Но чувство свежести мира исчезало с капризной стремительностью.
Иногда Люся старалась искусственно вызвать и удержать в себе это чувство. Так иногда стараются вспомнить и вновь насладиться стершимся в памяти радостным сном или давно затихшей затронувшей сердце мелодией. Но даже при этих условиях это чудесное видение мира являлось к ней редко и не в той полноте, а как позабытый сон или стихшая песнь.
Зачем, зачем тревожили ее эти странные чувства?
Люся понимала, что та давняя радость для нее безвозвратно утрачена. И она даже не хотела к этой радости возвращаться, не чая найти ее во всей полноте. Она лениво откладывала незаконченные рисунки, забрасывала их затем в дальние ящики или рвала, если они уж слишком стыдили ее. Она давала себе слово никогда больше не браться за карандаш и кисть.
Впрочем, быть может, и впрямь глупо было возвращаться к этим ребяческим чувствам — ей, взрослой женщине, успевшей побывать замужем, развестись и жить веселой вдовой? Она отгоняла от себя мысли о форме и красках и все эти чувства, тревожившие ее. Они были запрятаны ею под ворохом повседневных нужд и забот и лежали теперь глубоко в ее памяти, как и сами рисунки, спрятанные на дне пыльных ящиков.
К зиме возникли денежные затруднения.
«Тебе с ним не ужиться, он человек не нашего круга», — вспоминала Люся предупреждающие слова Виктории Генриховны, и они всякий раз удерживали Люсю, когда она вот-вот готова была обратиться к родным за помощью. В самые трудные минуты супружества она не обращалась к родным за поддержкой душевной, и подавно не обратится сейчас к ним за помощью материальной.
Обращаться к друзьям? Нет.
К Петру? Ни в коем случае. Пусть лучше она умрет с голоду! Люся считала себя гордой и самолюбивой.

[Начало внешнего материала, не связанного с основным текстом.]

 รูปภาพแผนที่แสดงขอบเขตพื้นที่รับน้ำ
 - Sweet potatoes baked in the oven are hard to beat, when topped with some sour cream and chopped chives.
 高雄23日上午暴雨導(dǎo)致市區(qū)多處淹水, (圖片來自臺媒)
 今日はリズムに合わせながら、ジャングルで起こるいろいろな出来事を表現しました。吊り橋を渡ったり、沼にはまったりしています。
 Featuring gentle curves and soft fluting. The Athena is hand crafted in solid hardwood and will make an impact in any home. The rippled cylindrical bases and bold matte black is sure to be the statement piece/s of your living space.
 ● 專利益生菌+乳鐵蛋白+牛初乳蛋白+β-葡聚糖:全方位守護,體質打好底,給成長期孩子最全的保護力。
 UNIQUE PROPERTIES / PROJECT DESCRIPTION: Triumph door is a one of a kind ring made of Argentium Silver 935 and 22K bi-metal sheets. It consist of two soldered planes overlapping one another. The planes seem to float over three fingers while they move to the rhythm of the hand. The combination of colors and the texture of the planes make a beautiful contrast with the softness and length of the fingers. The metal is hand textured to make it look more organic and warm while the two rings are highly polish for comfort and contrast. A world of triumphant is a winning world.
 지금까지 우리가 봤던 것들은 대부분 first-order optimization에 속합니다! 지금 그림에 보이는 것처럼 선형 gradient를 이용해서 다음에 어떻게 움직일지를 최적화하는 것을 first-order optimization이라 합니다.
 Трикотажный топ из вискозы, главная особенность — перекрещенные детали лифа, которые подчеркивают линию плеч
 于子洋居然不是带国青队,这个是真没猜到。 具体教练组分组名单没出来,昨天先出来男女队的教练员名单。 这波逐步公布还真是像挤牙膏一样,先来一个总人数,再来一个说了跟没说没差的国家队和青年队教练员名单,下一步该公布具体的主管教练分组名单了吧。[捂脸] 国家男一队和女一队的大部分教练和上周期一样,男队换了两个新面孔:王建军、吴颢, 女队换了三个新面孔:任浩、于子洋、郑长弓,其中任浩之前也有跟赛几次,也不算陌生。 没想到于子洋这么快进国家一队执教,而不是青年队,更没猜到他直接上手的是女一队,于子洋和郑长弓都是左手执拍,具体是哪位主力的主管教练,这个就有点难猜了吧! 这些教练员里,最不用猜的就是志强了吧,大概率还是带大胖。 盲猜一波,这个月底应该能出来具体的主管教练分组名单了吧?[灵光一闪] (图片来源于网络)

Но затруднения, как это порой случается, навалились все разом. Необходимо было срочно что-то предпринять. Люся решила собрать домашний хлам для продажи.
«В доме будет чище, и месяц-другой можно будет протянуть», — решила она.
А дальше? О том, что будет дальше, ей не хотелось думать: дальние надежды слишком часто обманывали ее. Наконец, что хорошего может быть дальше?
Добросовестно и прилежно, подобно тому как некогда выполняла она свой «мебельный» план, стала она выполнять теперь план распродажи. Новые гости — старьевщики с монгольскими лицами и низкими гортанными голосами — узнали дорогу на четвертый этаж, к хозяйке, распродававшей старье.
Хлам исчерпался гораздо быстрее, чем полагала Люся. Назрела необходимость продать нечто более существенное.
«Только не мебель», — думала Люся, с ужасом представляя оголенные стены и вспоминая комнату, какой увидела ее впервые. Ей казалось варварством вытащить хотя бы один прутик из насиженного ею гнезда. Кровать красного дерева, на которой она спала с девических лет, подарок мамы? Стол, заботливо убереженный ею от малейшего пятнышка и царапины? Зеркальный шкаф, где в идеальном порядке, как на витрине, был разложен весь ее гардероб?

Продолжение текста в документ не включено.